Главное, в чем «Дар» смыкается с витгенштейновским «Трактатом…», — ведущая за собой тот и другой тексты мысль о том, что, кроме интеллегибельного и выразимого, существует и тайна, вовсе не подлежащая разгадыванию, несказуемая. С точки зрения анти­метафизически настроенного Витгенштейна, Бог не открывается в мире (6. 432). В реплике Кончеева, приписанной ему Федором, высшее существо также удаляется из своих владений: «…тюрьма без тюремщика и сад без садовника — вот <…> идеал» (513). Мистическим в «Трактате…» провозглашается не «как» вселенского целого, а его «что» (6. 44) — его бытие, по отношению к которому нельзя стать инобытийным, которое замкнуто на себе, не дает проникнуть в себя извне.

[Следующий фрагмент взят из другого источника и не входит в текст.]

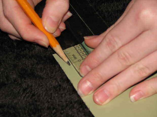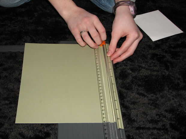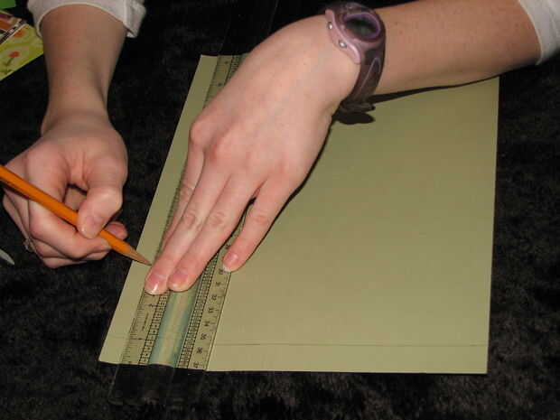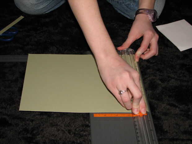 Si usted está usando un cortador de papel necesita cortar in.* 3/4 la longitud de la cartulina para que el papel de preparar con la medida que dice 10 1/4 pulgadas. Eso es cuánto papel se va a terminar. Si utiliza una regla, medir hasta en 3/4 del borde inferior cerca de una esquina y marque con un lápiz. Repita esto cerca del borde opuesto, así que usted puede poner su regla hacia abajo y trazar una línea punto a punto. Corta en esta línea con sus tijeras. A continuación se que necesita cortar un 1/2 pulgadas de la anchura de la cartulina por cualquier medio elija (cortador de papel o regla, lápiz y tijeras). El ancho terminado debe ser de 8 pulgadas.

В «Даре» то, о чем, по Витгенштейну, невозможно говорить, о чем нужно молчать (7), сосредоточено в старшем Годунове-Чердынцеве, в отце, подателе бытия для сына: «В моем отце и вокруг него <…> было что-то, трудно передаваемое словами: дымка, тайна, загадочная недоговоренность…» (298). Для «я» контуры мира, пишет Витгенштейн, образованы его языком (5. 62). Эпиграф к «Дару», взятый из «Учебника русской грамматики», показывает, что Набоков солидаризовался с этим положением: суждение о языке занимает такую позицию, в которой оно равносильно миру романа.

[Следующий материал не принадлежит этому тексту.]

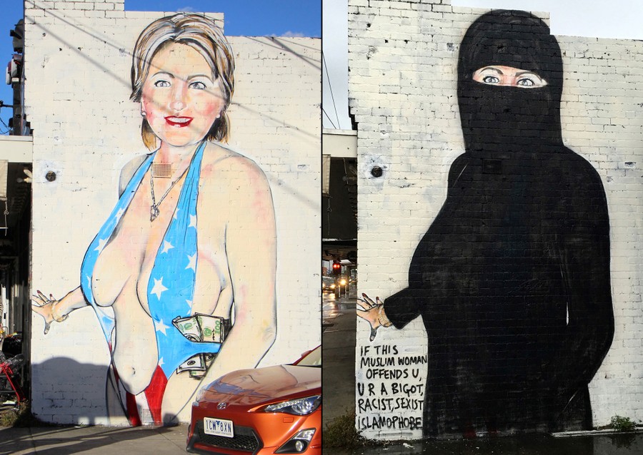 Read moreA combo picture shows a mural painted by street artist Lushsux, bearing the image of U.S. Democratic Party nominee for President Hillary Clinton wearing a stars-and-stripes themed swimsuit stuffed with cash (left) pictured on July 31, 2016 and on August 1, 2016 covered up in Islamic dress, features on the wall of a business in the Melbourne suburb of Footscray in Australia. The local city council had deemed the original mural offensive and requested that the artist remove it. He responded by painting over it, covering Hillary Clinton in a niqab. #

Идеи покровителя и друга Витгенштейна, Рассела, Набоков усвоил из его труда «Мистицизм и логика» (эта книга была издана в 1917-г. и затем многократно переиздавалась, ее части были опубликованы уже раньше, в 1910-г., в сборнике статей Рассела «Philosophical Essays»). Имени Рассела не найти в романе, однако Федор невзначай поминает Фому Мура. Джордж Эдвард Мур, один из отцов аналитической философии, пропагандист здравомыслия, был идейным соратником Рассела и Витгенштейна и их коллегой по Кембриджу.[30] Как и Витгенштейн, Рассел, философ постсимволистской эпохи, отрицал релевантность только мыслимого, сверхчувственного, но, вразрез с автором «Логико-философского трактата», он был в своем негативизме и сциентистском пафосе столь последователен, что не допускал существования загадок, неразрешимых для рационального ума.

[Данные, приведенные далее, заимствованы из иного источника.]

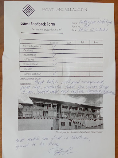 Actually we landed at this place by accident. Our tour operator shifted us to this place at the last moment as his customers from earlier batch had complained about his regular place which had construction going on for rooms expansions there dirtying and causing inconvenience at that place. That turned out to be a blessings in disguise and this place is awesome. Located a few kilometers away from the main city Paro, in the interiors, this place is less than a year old. Made very beautifully and paying meticulous attention to many details by the owner who has been in property business for years, it has come out very well. The landscaping and garden is very refreshing. Rooms are large with good quality furniture, toiletries, bed linen and other things in the room. Even bathroom slippers and bath robes are provided in the rooms. Rooms have balcony sit-out from where you can enjoy beautiful farms and mountain view. ( Please note that hotels in Paro do not have room ac and fans. However they can provide pedestal fans on your request). The staff is very courteous and cooperative. I must make a specific mention of the Manager Sonam. He is a very engaging and joyful person. In addition, the owner pays personal attention to ensure guests' comfort. The cafeteria is spacious serving either buffet or table served food depending on the occupancy of the hotel. However the options are a good mix of Asian and Continental dishes. They have two bars which are decently stocked. Overall a very nice place to stay at, strongly...

В трактовке Рассела дуализм посюстороннего и потустороннего проекционен. Доподлинно лишь то, что мы ориентируемся в трехмерном пространстве, сами занимая в нем положение, которое тоже трехмерно. Иного, чем поддающееся чувственному восприятию, нет — бывают, однако, такие ситуации, когда две перспективы (например, слуховая и колористическая) совпадают или следуют одна за другой. Вещи даны нам не только в пространстве (с шестью координатами), но и во времени (симультанно и сукцессивно), имеют, как выражается Рассел, «биографии». Взаимоналожение перспектив и их смена — тот способ перцепции, который c первых же страниц «Дара» преобладает у Годунова-Чердынцева, желающего, чтобы творческий акт был преображением сенсорного опыта, а не игрой фантазии. Изучая порядок табачной, аптекарской и зеленной лавок на улице, где только что поселился, Годунов-Чердынцев придумывает «биографии» трем попавшимcя ему на глаза точкам, из которых он выстраивает поэтизированный топос, прибавляя в нем к наблюдаемому месту еще три измерения: «На Танненбергской эти три были разобщены, находились на разных углах, но, может быть, роение ритма тут еще не настало и в будущем, повинуясь контрапункту, они постепенно <…> начнут сходиться: зеленная с оглядкой перейдет улицу, чтобы стать через семь, а там через три, от аптекарской <…> и они будут выжидать, когда освободится смежное место, а потом обе наискосок мигнут табачной — сигай сюда, мол; и вот уже все стали в ряд, образуя типическую строку» (193).[31]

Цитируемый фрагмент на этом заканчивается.